I'm headed to wade SLP Saturday afternoon / Sunday morning if anyone is interested.


----------



## Buzz13

I'm thinking of going Saturday and Sunday mornings. Plan on walking in around Jamaica Beach.


----------



## alanmacias541

I am game for a wade. I usually hit Xmas bay but that place has let me down lately.


----------



## Walk'n Spooks

Ill be at SLP at 6:45 Saturday morning. PM me if you're looking to meet up. fishing with 2 other buddies.


----------



## ebarr12

alanmacias541 said:


> I am game for a wade. I usually hit Xmas bay but that place has let me down lately.


XMAS bay let me down last Friday as well, I may give Jamaica beach a try Sunday morning to change things up a bit.


----------



## alanmacias541

ebarr12 said:


> XMAS bay let me down last Friday as well, I may give Jamaica beach a try Sunday morning to change things up a bit.


I'm up for wading tomorrow. Let's meet up.


----------



## Buzz13

Well my work schedule just busted my bubble for tomorrow, guess I'll just be fishing Sunday...hopefully the fish will wait for me till then.


----------



## alanmacias541

Where do y'all walk in at Jamaica beach or SLP?


----------



## Buzz13

I walk in at Indian Beach side. Just looked at the tides4fishing site....not looking to promising for Sunday. Well I'm going to try it out anyways.


----------



## alanmacias541

Went to Xmas: skunked again...saw some bait and signs of life but no bites


----------



## mortarman75p

Headed to SLP again tomorrow morning. Tides don't look favorable but maybe luck will play to my favor.


----------



## alanmacias541

mortarman75p said:


> Headed to SLP again tomorrow morning. Tides don't look favorable but maybe luck will play to my favor.


When you headed out?


----------



## mortarman75p

Went early this morning and got to Houston around noon. Couple small trout on twitchbaits but nothibg to call home about.


----------



## wadeking14

I'm looking to go this Fri and sat minimum rain chances weather looks OK tides same as last weekend which high tide I caught specs whitting black drum and sand trout.


----------



## Walk'n Spooks

I can not figure the picture upload out, but i caught a fat 19.5 inch trout in SLP Saturday morning on a Spook JR.


----------



## wadeking14

I was there on Galveston bay side fishing the gut a fly fisherman caut a 24 inch spec I tried my top waters no luck


----------



## Walk'n Spooks

Yea thats where I was, walking down the gut.

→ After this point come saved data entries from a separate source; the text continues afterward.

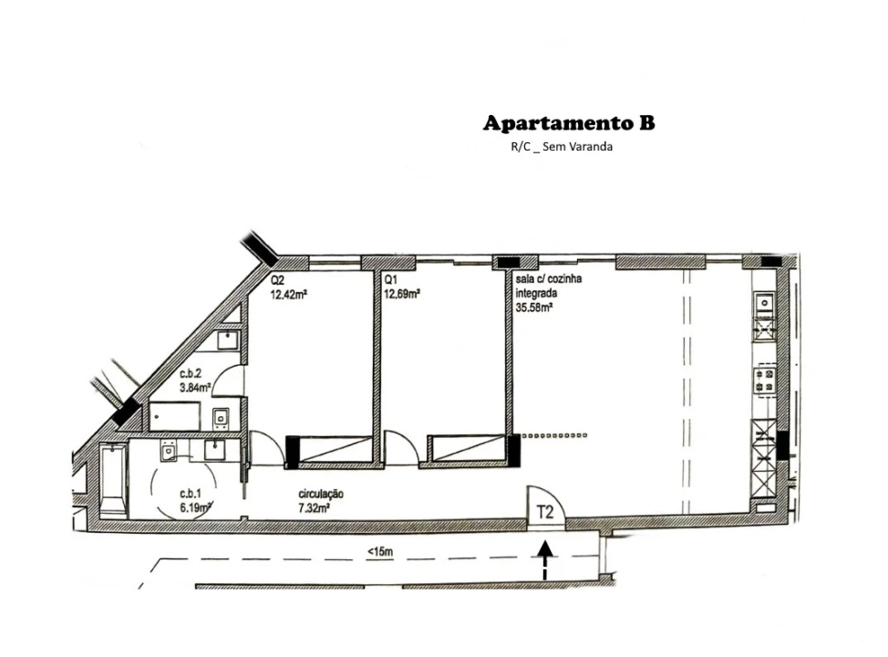 Apartamentos luminosos de tipologia T2 e T3 com cozinhas equipadas e varandas espaçosas.
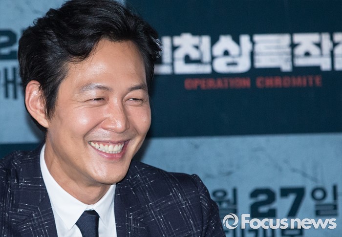 (서울=포커스뉴스) 20일 오후 서울 성동구 왕십리 CGV에서 열린 영화 '인천상륙작전' 언론시사회에 참석한 배우 이정재가 미소를 짓고 있다.
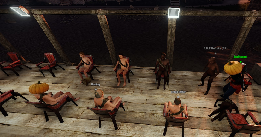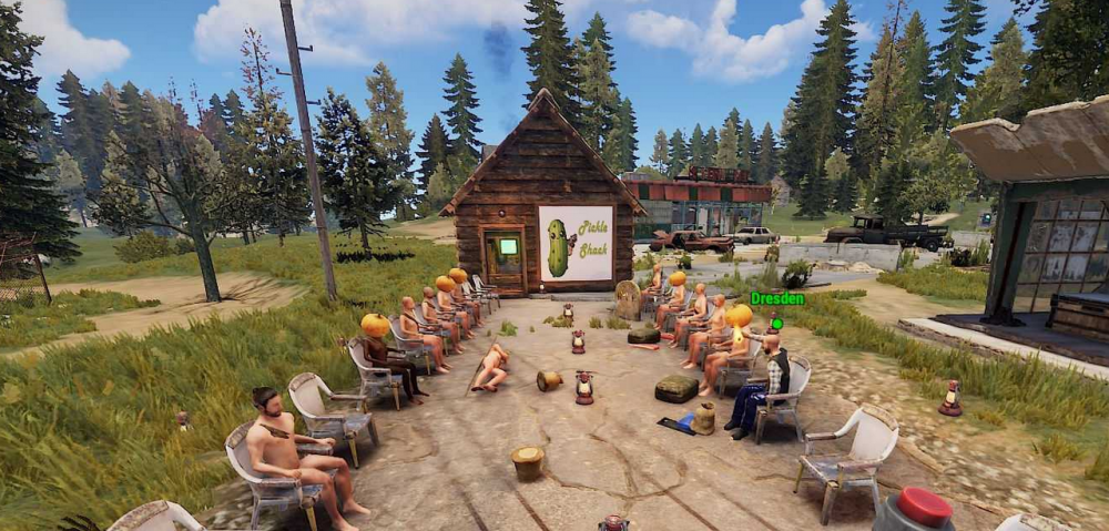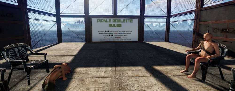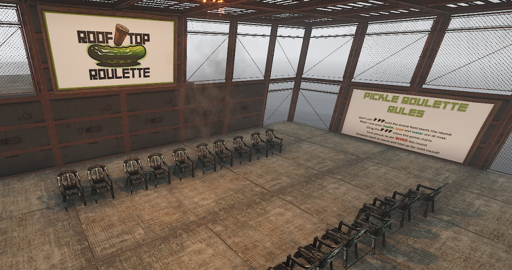 Pickle Roulette is a fun US Scourge event where players gather to eat, puke, die and win prizes. Prizes are in-game awards, ranging from obscure items to valuable pieces of gear. In other words, winning and what you win is totally random. The only thing that is certain in Pickle Roulette is death. Note: Please turn In-game sounds on to truly experience this event. *BLEH* How The Event Works: Players join the event with an empty inventory and no access to backpacks. The event host will provide participants with pumpkins and med supplies to bring player's health, food and water to max levels. When ready, each participant will take a seat in Pickle Row and be given a stack of 50 pickles to place in their hot bar When the contest starts, participants chug down the pickles as quickly as possible. The first person to die WINS the round. Everyone then respawns back to the event and heals up for the next round! Fun fact: Pickle Roulette started on US Scourge during a Halloween wipe. Admins used Pickle Roulette as a way to harvest player skulls to craft skull fire pits. Admins managed to keep the motives behind the event concealed for some time – in fact they crafted hundreds of these "specialty seasonal items" before event participants caught on.
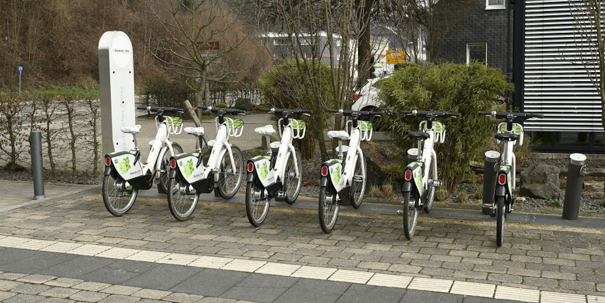Die Ausleihstation für E-Bikes am Karlheinz-Stockhausen-Platz in Kürten-Mitte.
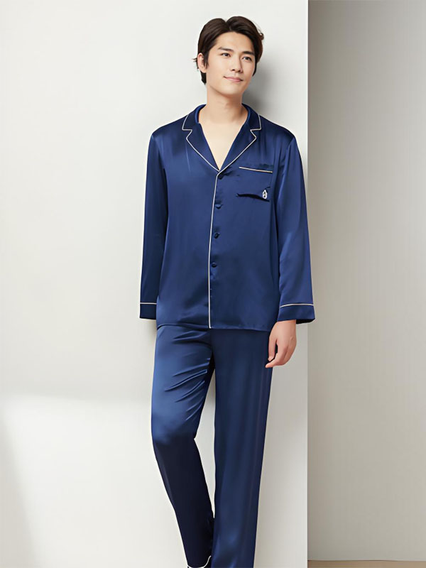 This satin pajama set is constructed with bound seams (finished with crisp white piping) that are securely stitched to prevent fraying. The long-sleeve top includes a stitched chest pocket (with reinforced edges) and button closures attached with reinforced thread for durability. Full-length pants feature aligned fabric panels and hems that are neatly bound and stitched. The glossy satin is cut with precision to avoid stretching or distortion during wear.

One the on 19 inch on top water


----------



## wadeking14

Well I'm debating on sea isle or SLP Fri and sat. Idk what I'm going to do...


----------



## mortarman75p

I'll be at SLP tomorrow afternoon and Sunday morning. Stay safe gents!


----------



## alanmacias541

Anyone wading tomorrow??


----------



## trome55

In Town From College For A Week, Looking For A Wadeing Partner. Im No Pro, Catch A Few Fish, Trying To Learn SLP Better, If Ur Down In SLP Sunday And Need Someone To Fish With I Would Gladly Join!


----------